Sull’Economist c’è anche un servizio di tre pagine, basato sui “big” data (e vai con il doppio senso, tu che il dato ce l’hai piccolo). Sulla base di 190000 profili si registra una preoccupante tendenza deflazionistica. I prezzi sono relativi, e quindi aggiustati per l’inflazione. Si osserva un brusco calo particolarmente negli anni di crisi, e l’Economist magistralmente lo spiega dicendo che andare a puttane è un bene superiore, cioè è una spesa che tagli quando non hai abbastanza soldi. L’altra spiegazione è che la prostituzione è un servizio ad alta intensità di capitale umano, ed è un caso unico in cui il capitale umano è più mobile internazionalmente del capitale fisico. Infine, proprio come nei mercati ci sono anche gli spread, e come nei mercati finanziari lo spread è più basso quando c’è il rapporto anale. Una cosa chiamata “kiss” (non voglio credere sia il bacio comune) costa quasi tre volte di più. Mi pare che l’Economist non commenti.

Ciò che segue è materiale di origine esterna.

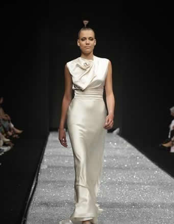 Sometimes a daring bridal gown can be realized in a really simple manner, maybe on the lines of the body, really tight and of silky fabric as to make you have a look similar to that of a Greek statue. The model can be dazzling in the moment in which this simple piece has added on it a special looking neckline, one that starts from one side of the chest and it goes on the opposite shoulder.
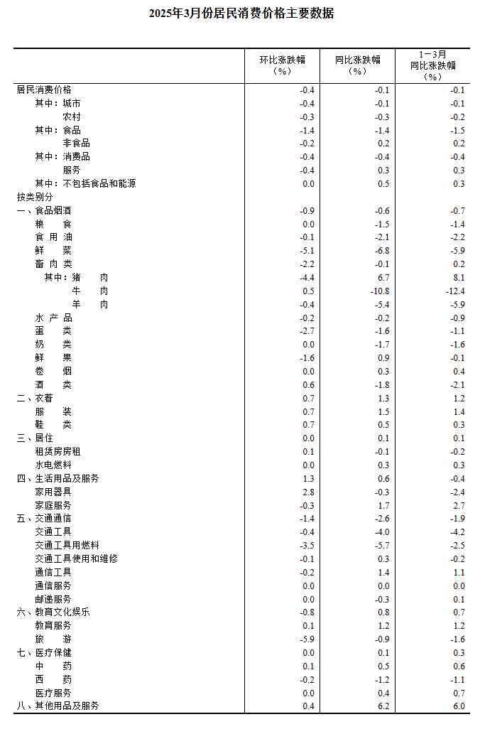2025年3月份,全國居民消費(fèi)價(jià)格同比下降0.1%。其中,城市下降0.1%,農(nóng)村下降0.3%;食品價(jià)格下降1.4%,非食品價(jià)格上漲0.2%;消費(fèi)品價(jià)格下降0.4%,服務(wù)價(jià)格上漲0.3%。1—3月平均,全國居民消費(fèi)價(jià)格比上年同期下降0.1%。
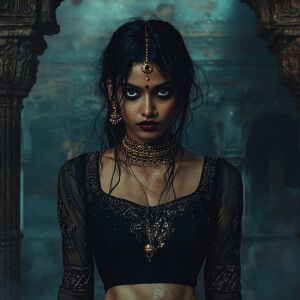 «An Indian female vampire, with Goth-inspired aesthetic, set agai...»
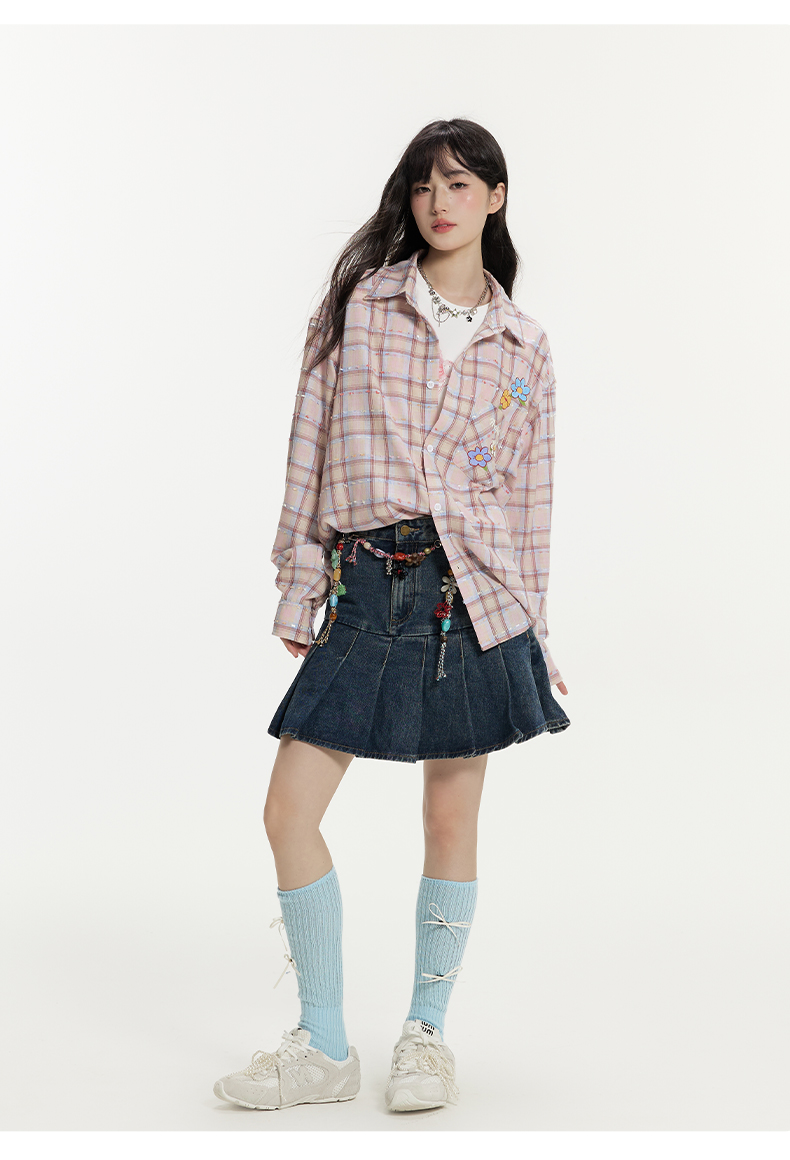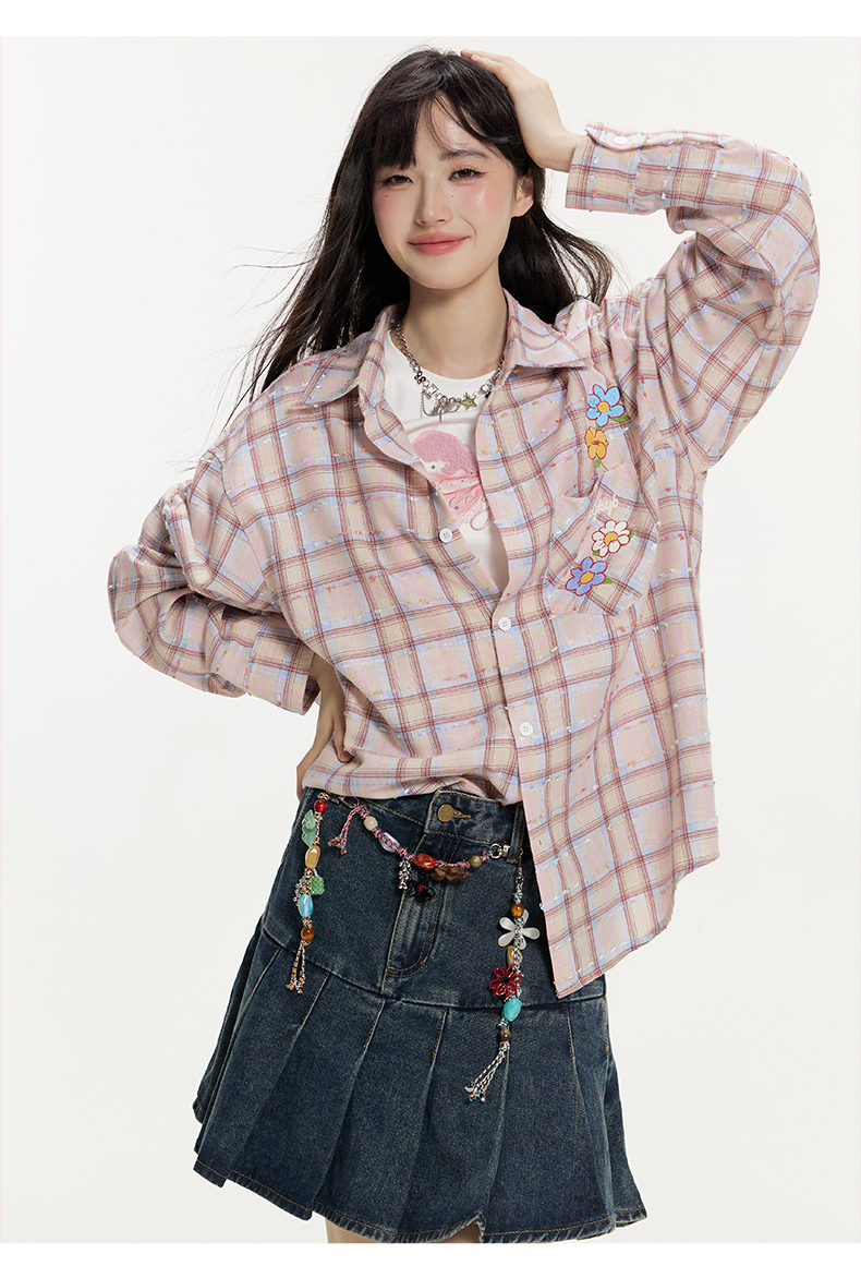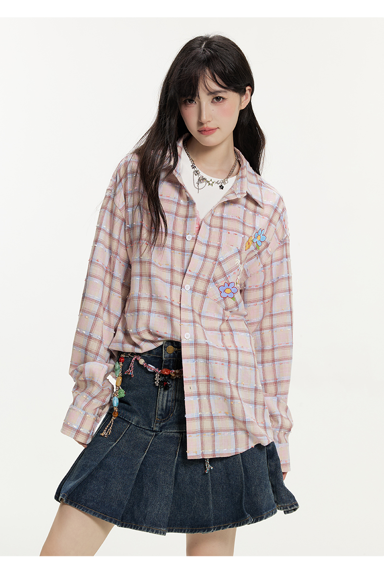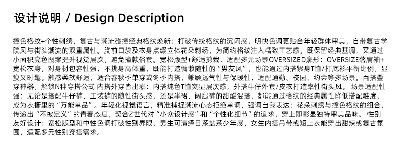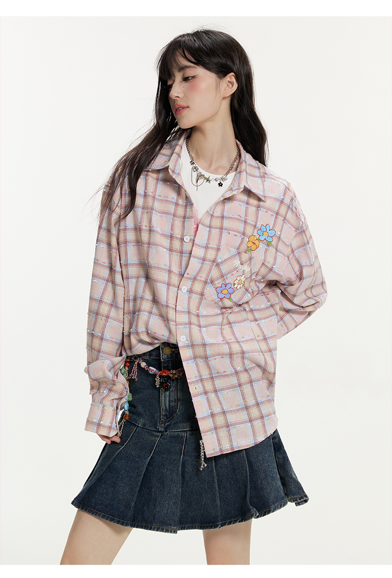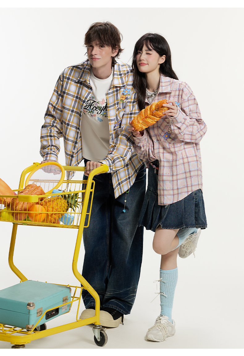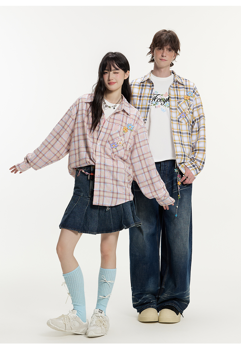 YKYB黄子韬 潮流格纹设计感衬衫刺绣小花百搭格子长袖衬衣外套秋Y53NCS055
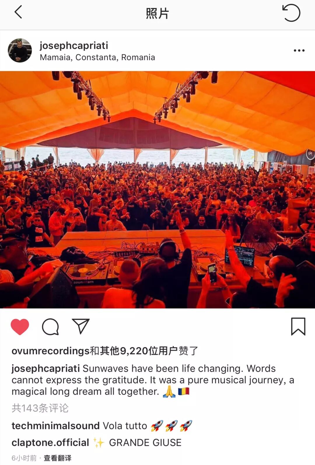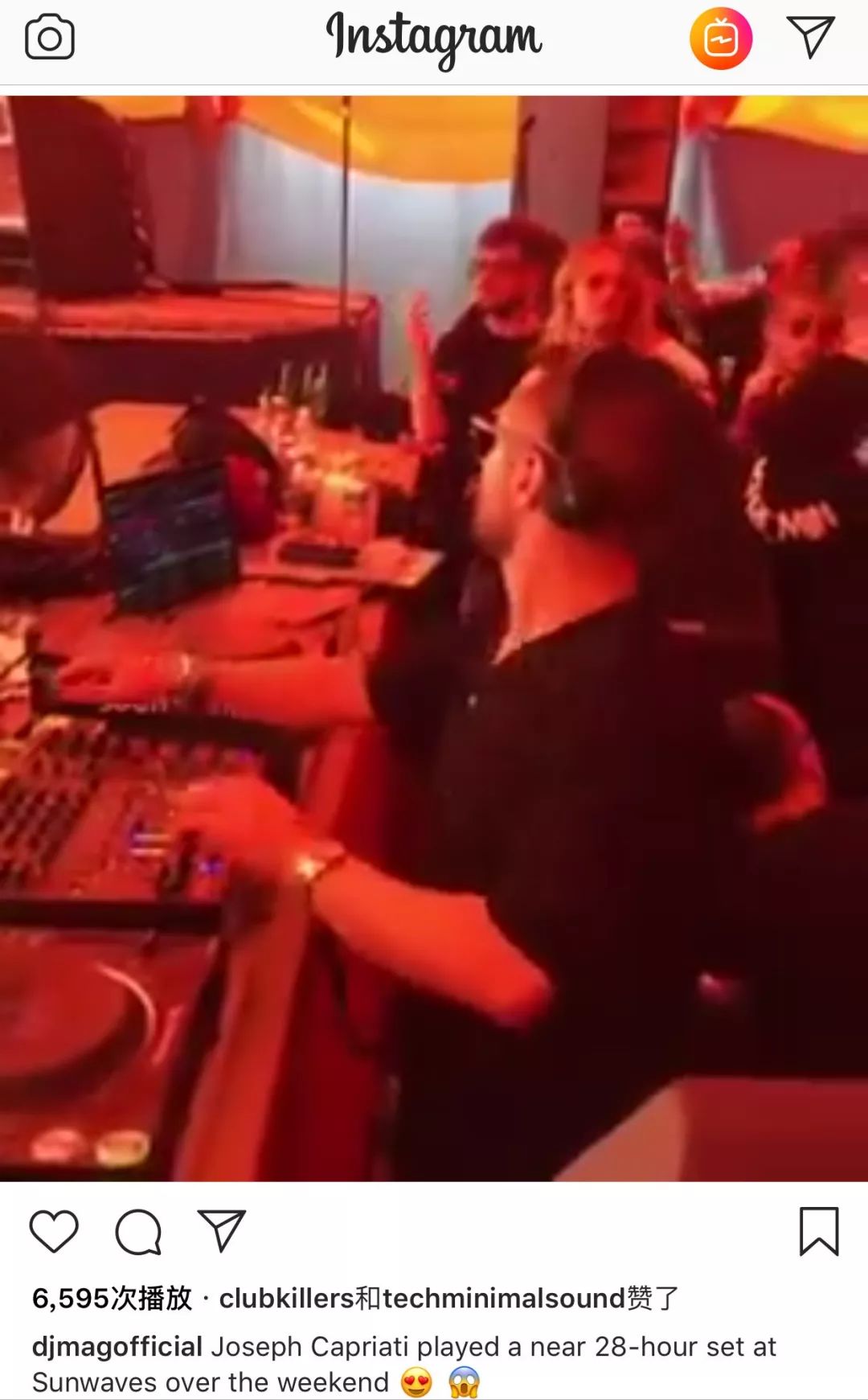 撰文的昨天、发布的前天,Joseph Capriati在Sunwaves音乐节上完成了一起近28小时的打碟表演,这对于Techno DJ而言是一起光荣的战绩,具体的表演时间为27小时40分钟,突破Sunwaves音乐节耐力测试的最高纪录。此前Sunwaves音乐节的最高纪录为Dubfire打下的26小时30分钟的好成绩。
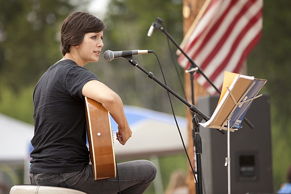 Oshinn from Kalispell plays at the Midway Swap Meet and Farmers Market on Friday afternoon, June 29. Oshinn learned to play the guitar last October after her band broke up.

Che sensazioni registrare di questa lettura dell’Economist? Premetto che non sono riuscito a leggere tutto l’articolo: soffro di “noia precox”. Però se l’autore del pezzo mi chiedesse: “ti è piaciuto?”, gli dovrei rispondere, ansimando un po’, che una cosa mi ha fatto male e una mi preoccupa. Mi ha fatto male che l’uomo che nell’ultimo ventennio ho sempre combattuto, e che diceva: “la patonza deve girare” era vent’anni avanti rispetto all’Economist. La cosa che mi preoccupa è che se Internet rende pulito e trasparente ciò che è sporco, solo perché contiene i commenti degli utenti e dei fornitori, non vorrei che divenisse un immenso magazzino di riciclaggio di atti illeciti. Insomma, mi spiacerebbe vedere nascere una piattaforma che potrebbe chiamarsi ad esempio “Pizzo-on-line”, in cui un utente possa scrivere: “servizio un po’ rude all’inizio, ma poi senz’altro efficiente, e non lo scrivo certo perché mi stanno puntando una pistola…Ottimo”.